2. Rechte des potenziellen biologischen Vaters
a) Informationelle Selbstbestimmung aus Art. 2 Abs. 1 i.V.m. Art. 1 Abs. 1 GG
Durch einen Abstammungsklärungsanspruch ist das Recht auf informationelle Selbstbestimmung aus Art. 2 Abs. 1 i.V.m. Art. 1 Abs. 1 GG des Mannes, dessen leibliche Vaterschaft gegen seinen Willen durch DNA-Analyse geklärt werden soll, betroffen. Es schützt die Befugnis des Einzelnen, grundsätzlich selbst über die Preisgabe und Verwendung seiner persönlichen Daten zu bestimmen. Auch – negativ – besteht Schutz vor aufgedrängten Informationen. Das negative Selbstbestimmungsrecht gewährt ein Recht auf Nichtwissen im Hinblick auf bestimmte personale Informationen, die bewusst nicht aufgedeckt werden sollen (z.B. genetische Anlagen im Hinblick auf später möglicherweise ausbrechende Krankheiten). Aufgedrängte Informationen können unter Umständen die Lebensführung oder -planung erheblich beeinträchtigen, so dass einem Individuum entsprechender Schutz zu gewährleisten ist. Zu diesen grundrechtlich geschützten Daten gehören auch solche, die Informationen über genetische Merkmale einer Person enthalten, aus denen sich in Abgleich mit den Daten einer anderen Person Rückschlüsse auf die Abstammung ziehen lassen.
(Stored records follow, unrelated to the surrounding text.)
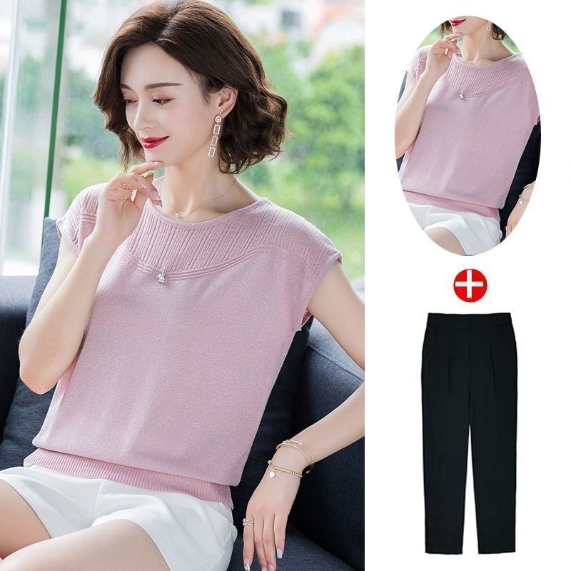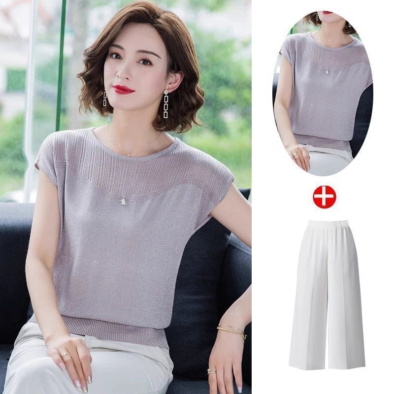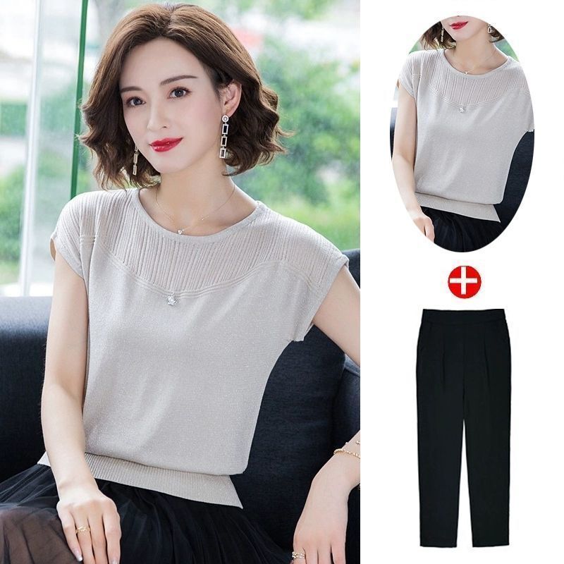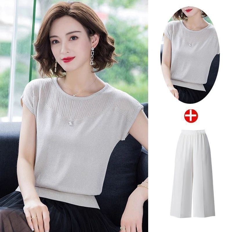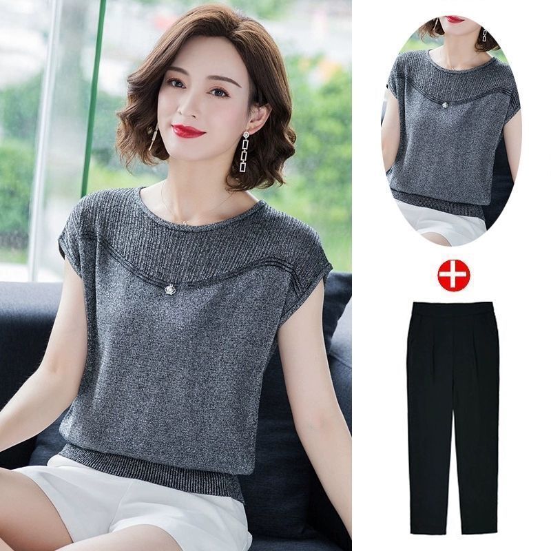 雲溪 母親節媽媽夏裝新款冰絲短袖t恤中年女洋氣上衣服中老年針織小衫
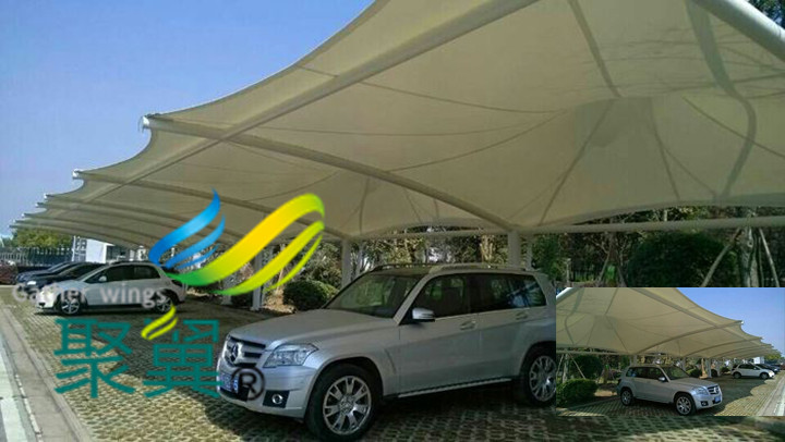 膜式結構車棚本身質量輕、防凍/防震性能好,無需采用內部支撐板,減少了民居建筑在大跨度施工項目中遇到的困難,可以很合理地將其轉化為巨大的無遮擋空間,提升空間具體的套內建筑面積,所以目前也比較普遍地采用膜式結構建造。下面就是由聚翼遮陽為各位朋友介紹膜結構車棚的實用特點和優點。
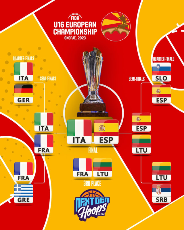 SKOPJE (North Macedonia) - The Final of the FIBA U16 European Championship 2023 is set and Italy will face Spain for the crown after the former surprised France and Spain dethroned Lithuania.

Aus dieser negativen Komponente des Selbstbestimmungsrechts folgen daher Abwehrrechte gegenüber staatlichen Eingriffen sowie die Verpflichtung des Staates, dort mit schützenden gesetzlichen Regelungen zu intervenieren, wo individuelle Freiheitsspielräume durch das Handeln Dritter übermäßig eingeschränkt werden. Dabei ist zu berücksichtigen, dass eine Beeinträchtigung nicht rückgängig gemacht werden kann. Sie erledigt sich auch nicht von selbst, wenn sich herausstellt, dass der Mann nicht der leibliche Vater ist.
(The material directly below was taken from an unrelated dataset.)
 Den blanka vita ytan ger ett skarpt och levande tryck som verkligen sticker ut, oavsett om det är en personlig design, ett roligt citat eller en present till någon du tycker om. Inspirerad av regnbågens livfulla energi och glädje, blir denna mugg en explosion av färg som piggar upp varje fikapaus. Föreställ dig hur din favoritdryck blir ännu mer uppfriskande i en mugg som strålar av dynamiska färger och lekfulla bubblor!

b) Körperliche Unversehrtheit aus Art. 2 Abs. 2 GG
Daneben geht mit der für die Abstammungsklärung erforderlichen Untersuchung ein ebenfalls nicht reversibler, allerdings geringfügiger Eingriff in das Recht des zur Mitwirkung verpflichteten Mannes auf körperliche Unversehrtheit (Art. 2 Abs. 2 GG) einher.
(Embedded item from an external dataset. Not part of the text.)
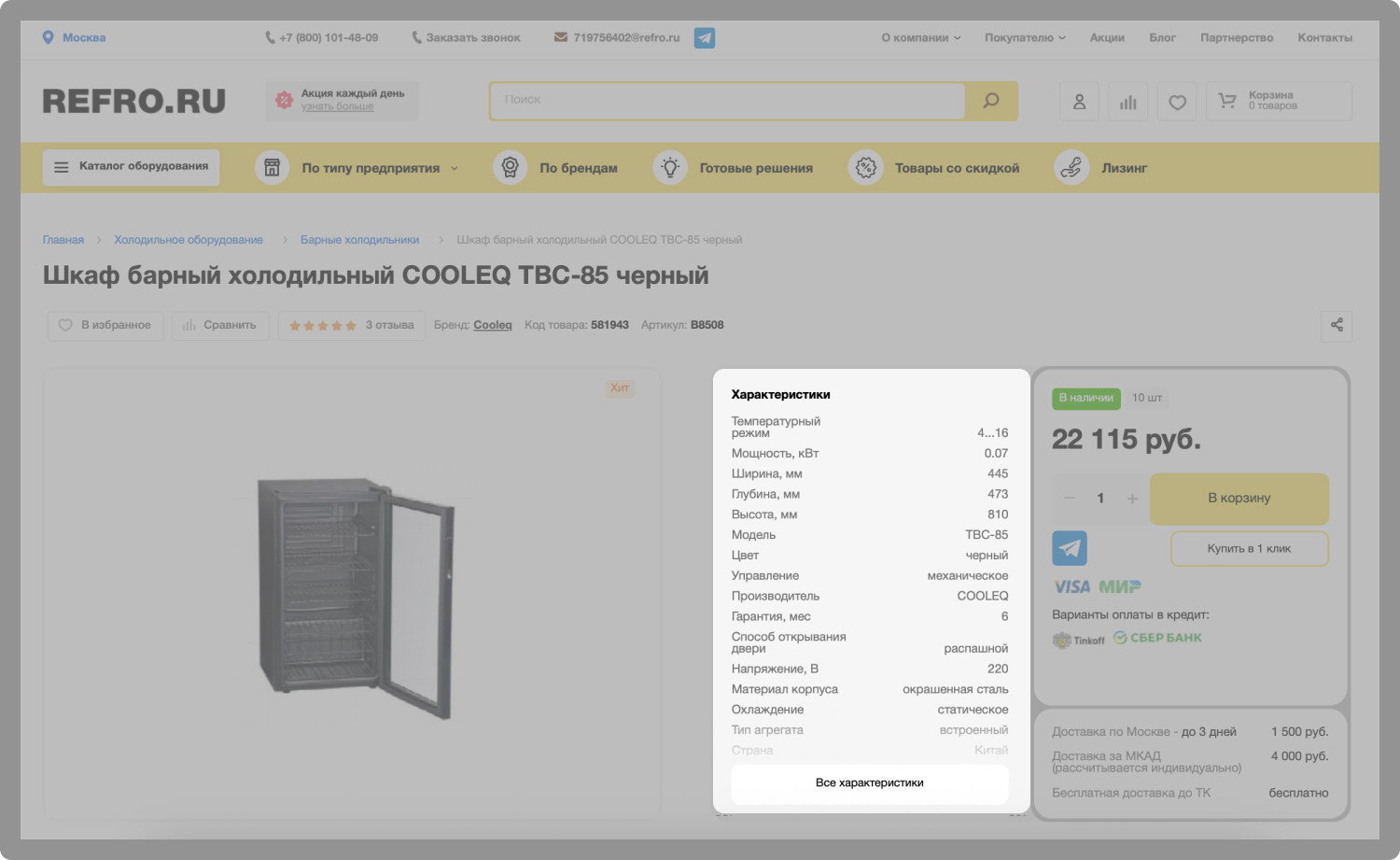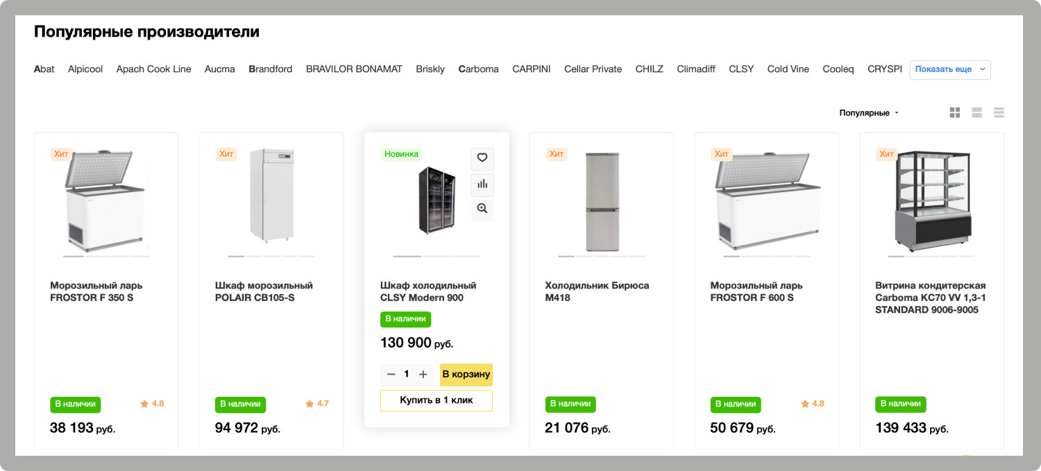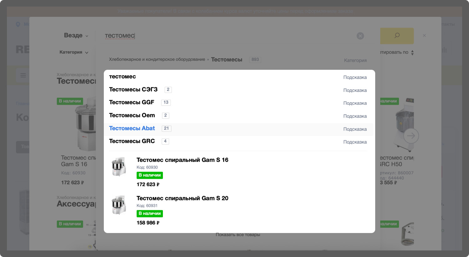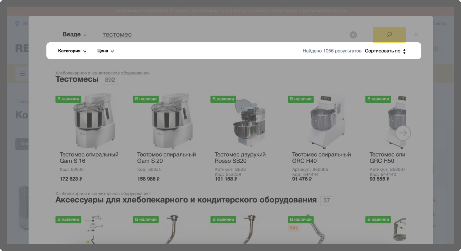 Для проекта с большим ассортиментом ключевым элементом стал поиск. На сайте клиентом был установлен более информативный поиск от платного сервиса. Такой поиск позволял сразу отсортировать товары по категориям, ценам и релевантности. Это позволяло покупателям более быстро и точно найти требуемый товар. Сделали вывод подсказок с похожими товарами, чтобы покупателям было легче ориентироваться в товарах: Данные доработки позволили пользователям быстрее находить нужное оборудование и не теряться в каталоге Главная страница должна была сразу вести пользователя к товарам. По запросу клиента мы вывели «товар дня» на главный экран. В данном блоке отображаются товары, которые являются хитами или новинками, а также товары, которые вновь появились в наличии. Кроме того, использование такого блока позволяет привлечь дополнительное внимание к товарам, требующим рекламы На главную мы вывели категории товаров. Чтобы потенциальные покупатели могли сразу попадая на сайт, легко выбрать то, что требуется. На главную страницу вывели блок с поиском товаров по брендам, так как данный вид поиска является удобным для многих покупателей Выводили отдельно кнопку каталога, а также вывели каталог товаров, разделенный по направлениям: по типу предприятия, по брендам, товары со скидкой и прочее. Поиск товаров по типу помещения позволяет легко найти технику, которая необходима для определенной сферы бизнеса — прачечная, пончиковая и др. Так, если посетителю сайта нужны товары для пиццерии — нет необходимости в поиске каждого товара по-отдельности. Достаточно перейти в соответствующий раздел, где уже собраны все товары. В каталоге оборудования на каждый тип товара были выведены популярные категории, которые пользуются наибольшим спросом среди покупателей В каталог вывели большое количество разделов для удобного поиска необходимых товаров: Вывели блок с товарами, сгруппированными по популярным производителям: Мы произвели доработку фильтра по статусам товаров: хит, новинка Также была доработка по наличию товаров: в наличие, под заказ. Все стикеры выделили цветом для лучшей наглядности При выборе подходящего товара покупатели часто ориентируются на их основные характеристики: размер, цвет, производитель и прочее. Чтобы сократить путь пользователя от поиска товара до совершения покупки, в каталоге мы вывели все основные характеристики к каждому товару. Это позволяет легче ориентироваться в товарах и быстрее находить необходимое оборудование Прежде всего мы увеличили масштаб фото товара, сделав его более крупным и акцентным: Рядом с фото товара мы вывели блок с его основными характеристиками: Проработали конверсионный блок: вывели способы оплаты, краткую информацию о доставке, сделали более заметной стоимость товара: Вывели блок с документацией к каждому товару, что позволяет покупателям ознакомиться с сертификатами и другими документами, подтверждающими качество техники: Разделили характеристики товаров по группам (заводские данные, основные характеристики, особенности и прочее), так как на стандартном шаблоне данного функционала не хватало. Поделили блок «с этим товаром покупают» на табы: похожие, хиты продаж: Проанализировав пользовательский путь, мы приняли решение сократить его на 1 шаг. Как известно, чем он короче, тем легче по

c) Persönlichkeitsrecht aus Art. 2 Abs. 1 i.V.m. Art. 1 Abs. 1 GG
Ferner kann sich auch der Mann (ebenso wie die Mutter), dessen leibliche Vaterschaft gegen seinen Willen festgestellt werden soll, auf das Recht auf Achtung der Privat- und Intimsphäre, respektive darauf berufen, geschlechtliche Beziehungen nicht offenbaren zu müssen.
3. Recht auf Schutz der Familie nach Art. 6 Abs. 1 GG
Darüber hinaus kann die Abstammungsklärung den zur Mitwirkung verpflichteten Mann und seine Familie in ihrem durch Art. 6 Abs. 1 GG geschützten Familienleben beeinträchtigen. In das zu schützende Familienleben wird bereits eingegriffen, wenn im Raum steht, dass es möglicherweise einen weiteren Abkömmling gibt. Das gilt unabhängig davon, ob sich der Verdacht durch die Abstammungsuntersuchung im Nachhinein bestätigt oder nicht. Selbst bei negativem Ausgang der Abstammungsklärung ist der Eingriff in das Familienleben nicht vollständig reversibel. Die Belastung wird intensiviert, wenn sich eine weitere Vaterschaft im Abstammungsklärungsverfahren als gegeben erweist.